Thesis: Most A/B programs don’t fail because the math is wrong — they fail because the design allows false positives to sneak in. Stop chasing p‑values and build a system: right‑size Minimum Detectable Effect (MDE), pre‑commit power, and enforce guardrails that make peeking and noise unprofitable.
1) What we’re optimizing for
- Type I error (α): Shipping a loser (false positive). Default 5% is fine — if you obey the rules.
- Type II error (β): Not shipping a winner (false negative). Power = 1−β. Typical targets: 80% or 90%.
- Business objective: Minimize long‑run regret (lost revenue + user harm) under traffic and time constraints.
Principle: Choose α and power before you see data, and size the test for a meaningful effect (MDE), not for whatever the data happens to show.
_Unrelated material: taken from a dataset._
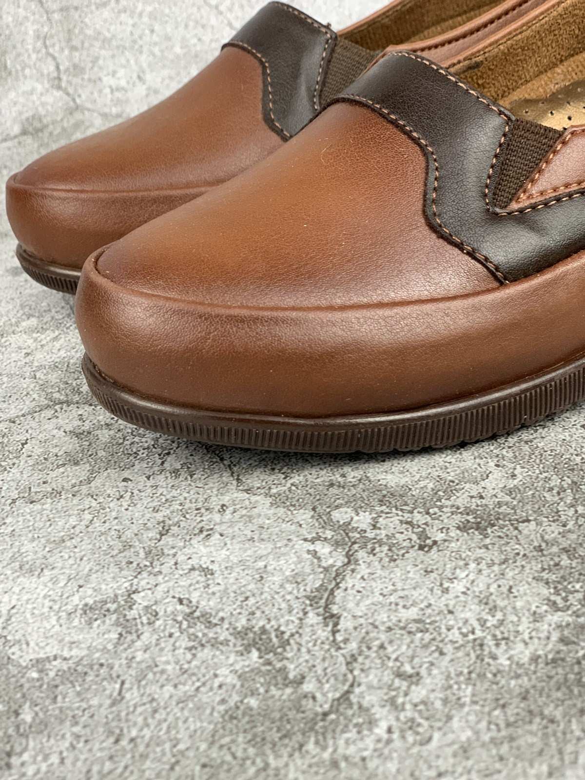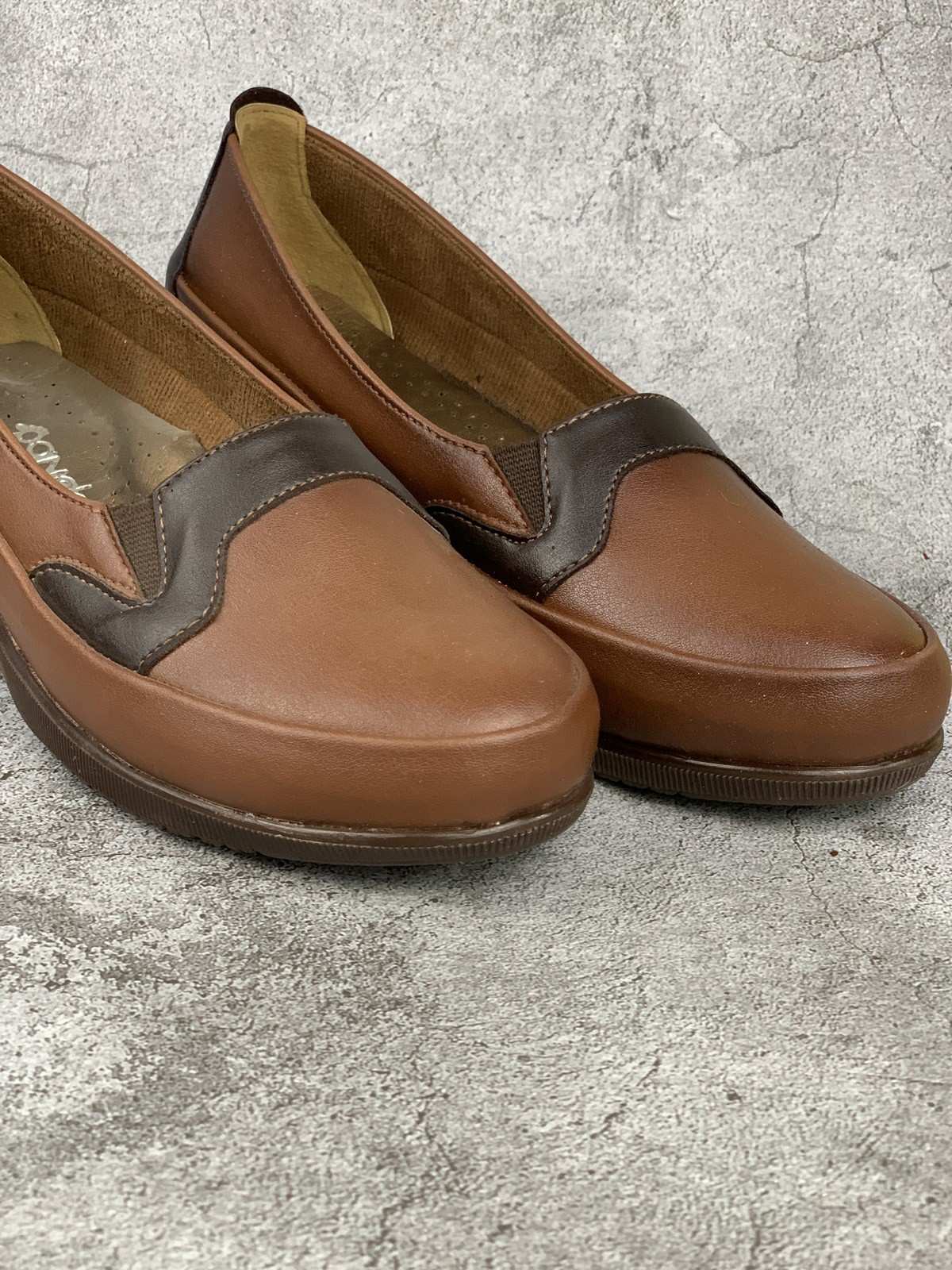 حذاء نسائي جلد بني مريح، شريط مطاطي، كعب طبي متوسط

2) Minimum Detectable Effect (MDE)
Definition: The smallest effect you care to detect and act on. Set it by economics, not ego.
- Absolute MDE (Δ): Difference in rate (e.g., +0.3 pp on a 3.0% baseline).
- Relative MDE (r): Percent lift (e.g., +10% over 3.0% → 3.3%).
How to set MDE:
- Compute the break‑even lift that covers implementation cost and opportunity cost.
- Round up to a clean number; if the rounded MDE is larger than you like, you need more traffic/time or stronger variance reduction.
3) Power and sample size (two‑sample proportion, two‑sided α)
Let p0 be baseline rate and p1 = p0×(1+r). With α (e.g., 0.05) and desired power (e.g., 0.80):
Per‑variant sample size ≈
[ z(1−α/2)*√(2* p̄ *(1−p̄)) + z(power)*√(p0*(1−p0)+p1*(1−p1)) ]² / (p1 − p0)²
Where p̄ = (p0+p1)/2
Quick MDE approximation (solve for Δ given n):
MDE_abs ≈ ( z(1−α/2) + z(power) ) * √( 2*p0*(1−p0)/n )
Good enough for planning; exact solves require iteration because p̄ depends on p1.
Reference table — per variant n (α=0.05 two‑sided, power=0.80)
| Baseline p0 | +10% rel | +20% rel | +30% rel | +50% rel |
|---|---|---|---|---|
| 1% | 163,095 | 42,693 | 19,826 | 7,750 |
| 2% | 80,681 | 21,108 | 9,797 | 3,825 |
| 3% | 53,210 | 13,914 | 6,454 | 2,517 |
| 5% | 31,233 | 8,158 | 3,780 | 1,470 |
| 10% | 14,751 | 3,841 | 1,774 | 686 |
| 20% | 6,509 | 1,682 | 771 | 293 |
Interpretation: At low baselines, small relative lifts demand big samples. If you can’t reach that n in a reasonable time, raise MDE, pick a higher‑impact surface, or apply variance reduction.
4) Variance reduction (get power without waiting months)
- Stratified randomization: Balance traffic on known covariates (device, geo, new vs returning).
- Covariate adjustment (CUPED/CUPAC): Use pre‑period or historical activity as a covariate in your estimator; expect 10–40% variance cuts.
- Ratio metrics: Normalize by exposures/visits when appropriate.
- Filtered windows: Exclude known unstable cohorts (e.g., day‑0 bots) with a pre‑registered rule.
- Stable OEC: Use one Objective Evaluation Criteria metric and treat others as secondary.
5) Guardrails that stop false positives
Pre‑registration (one pager): hypothesis, primary metric, α, power, MDE, unit of randomization, traffic split, duration rule, stopping rule, and analysis plan.
Invariant metrics (must be equal across arms):
- Traffic allocation (no SRM, sample‑ratio mismatch)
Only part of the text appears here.